Frederick Douglass said in his autobiography that because enslaved people living on the Eastern shore of Maryland near the Choptank River received the bare minimum in food from their enslavers, they fished for food to supplement their diet, catching turtles, fish, and eels. Douglass wrote: "The men and women slaves received, as their monthly allowance of food, eight pounds of pork, or its equivalent in fish, and one bushel of corn meal". Another way they supplemented their diet was by growing vegetable gardens; they grew corn, potatoes, peas, beans, herbs, and melons. They did not have fat or cooking oil to cook their food. Slaveholders in Dorchester County, Maryland rarely fed their slaves. To supplement their poor diets, enslaved people in Dorchester fished for food in the Choptank River and hunted game on land. The animals they caught for food included rabbit, turtle, duck, goose, turkey, pigeon, woodpecker, possum, raccoon, skunk, deer, and muskrat.
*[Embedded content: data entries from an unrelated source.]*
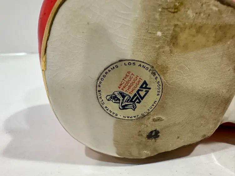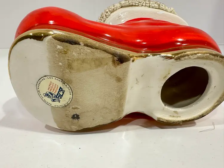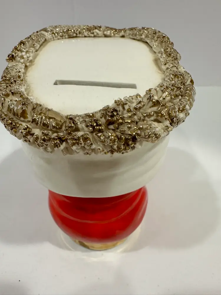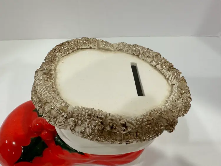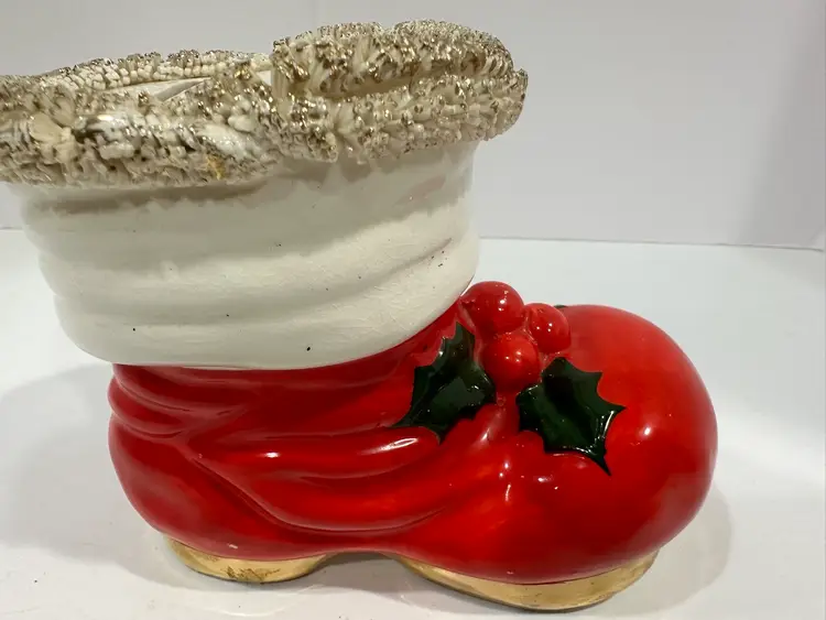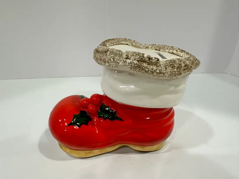1950-60's Vintage Santa's Boot Ceramic Coin Bank-Santal Prod.- 5" x 6" Spaghetti Trim Christmas Decor Gold Trim Sole Holly Accent Decor.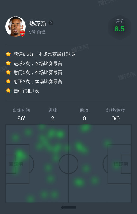 北京时间12月22日水晶宫vs阿森纳,热苏斯贡献2球,5次射门,1次成功过人。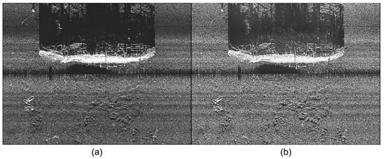In order to verify the rationality and effectiveness of the SonarMosaic module, we can visualize the processing results of this module and compare the visualization results with the initial image, as shown in Figure 10. And in order to more intuitively test the pre-processing results, we adopt the Unified quality Assessment method for Sonar Imaging and Processing (UASIP) [58] to evaluate the performances. With the UASIP method, the initial image’s quality score is , and the pre-processing image’s quality score is , which is higher than the initial image’s. The effectiveness of the preprocessing module is verified through the above test results.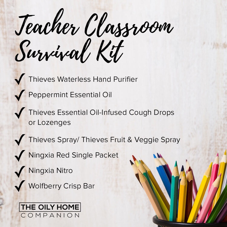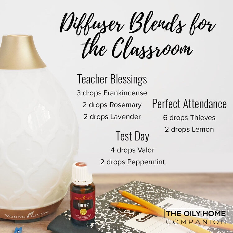 These are also a wonderful addition to your teacher’s back to school welcome gift if you send your child into school with one! Write out the blends on a nice index card or design it with handlettering if you’re gifted there, and package it with some Thieves Sanitizer and Cough Drops!
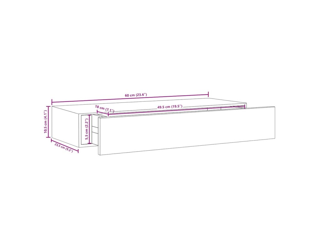 - Rozměry zásuvky: 49,5 x 18 x 5,5 cm (Š x H x V)
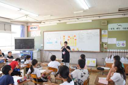 今回の食の指導では,体にとってよい水分のとり方を考えました。ふだん飲んでいる飲み物に含まれている砂糖の量を予想したり,砂糖をとりすぎたらどうなるかを考えたりしました。これからの季節,水分のとり方には気をつけてほしいと思います。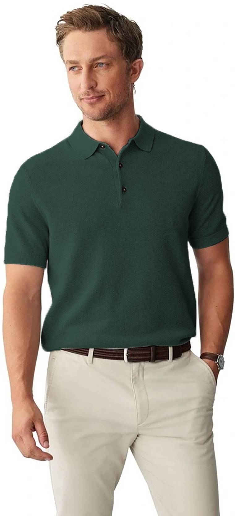 KOTTY Men Solid Polo Neck Cotton Blend Green T-Shirt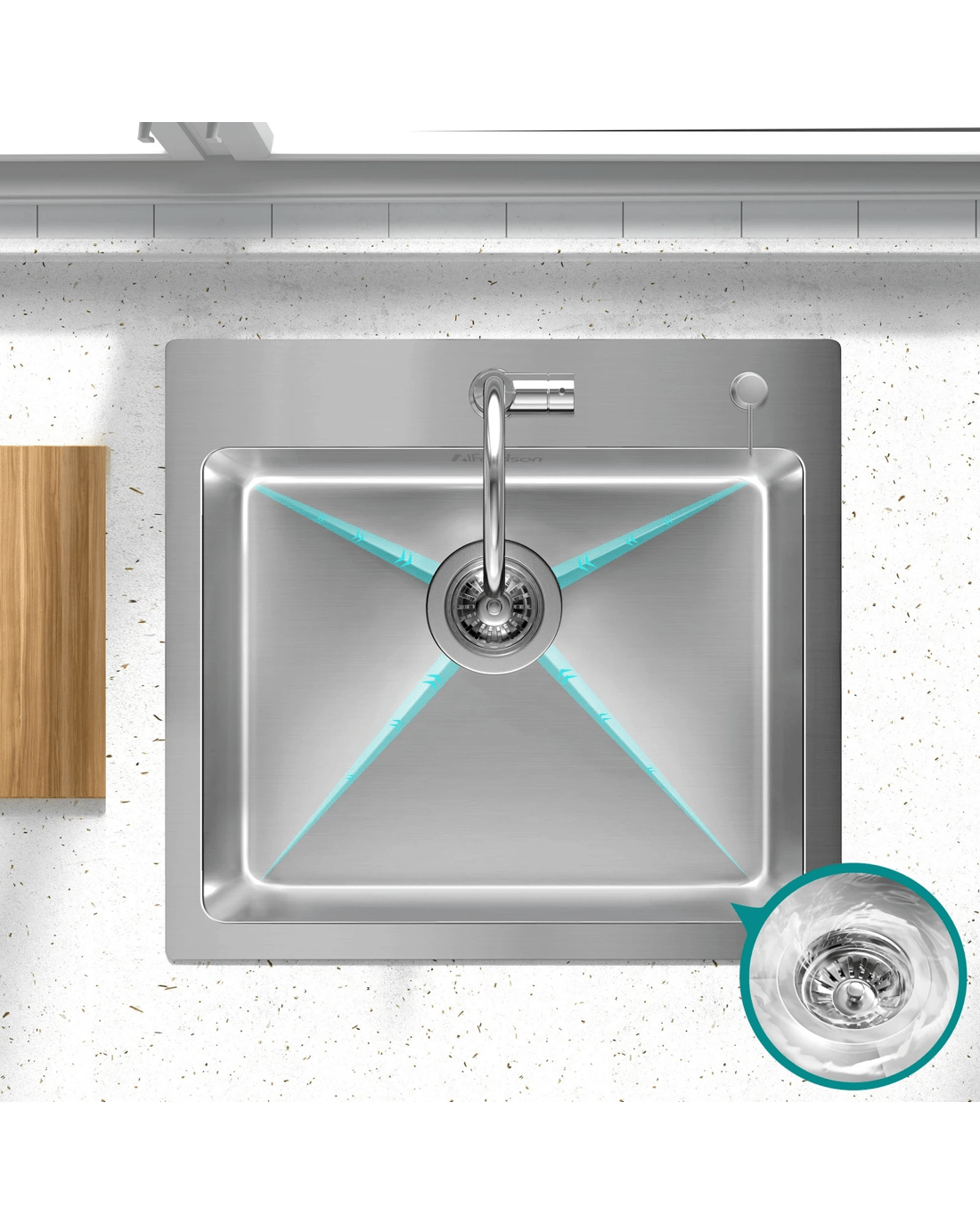 We also prioritize environmental considerations and user comfort. The sink includes eco-friendly anti-condensation coating, which reduces moisture accumulation underneath the basin. Additionally, five sound-deadening pads are strategically placed to minimize noise during use, ensuring a quieter kitchen environment.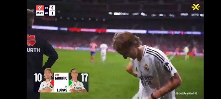 Pomoćni sudac Modriću: Idemo, uđi unutra. Vratit ćemo se za deset minuta. Da, deset minuta Modriću, to je protokol. Protokol za bacanje predmeta u teren. Zamisli da ga pogodi u glavu.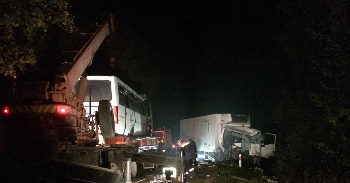 В отношении водителя грузовика, совершившего столкновение с пассажирским автобусом под Правдинском, возбуждено уголовное дело.

They cooked vegetables such as okra, corn, leafy greens, and sweet potatoes that they grew in their gardens. From these various food sources enslaved people created their meals.

Researchers at St. Mary's County Library located in Maryland documented an African American muskrat recipe. "Skin and disjoint the animal. Soak it in salted or vinegar water for two hours. Put the pieces in a pan of water, and parboil until slightly tender, but not real done. Dust in a mixture of seasoned flour, salted and peppered to taste, and fry in hot fat until golden brown." Black Americans in St. Mary's County created recipes during slavery that were passed down orally in their families. To add heat and flavor to seafood dishes, enslaved and free Africans in Baltimore and the Chesapeake region of Maryland grew fish peppers in their gardens. After national emancipation many African Americans got into the seafood industry. By 1864, almost half of all watermen in Maryland were former slaves. They became skilled in netting shrimp, gathering oysters, and fishing. During the American Civil War, some enslaved people in Maryland ate clabber milk, fish, and cornbread. After the war, the state became known for its crabbing industry, and Maryland's deep-fried crab cakes became a part of soul food cuisine.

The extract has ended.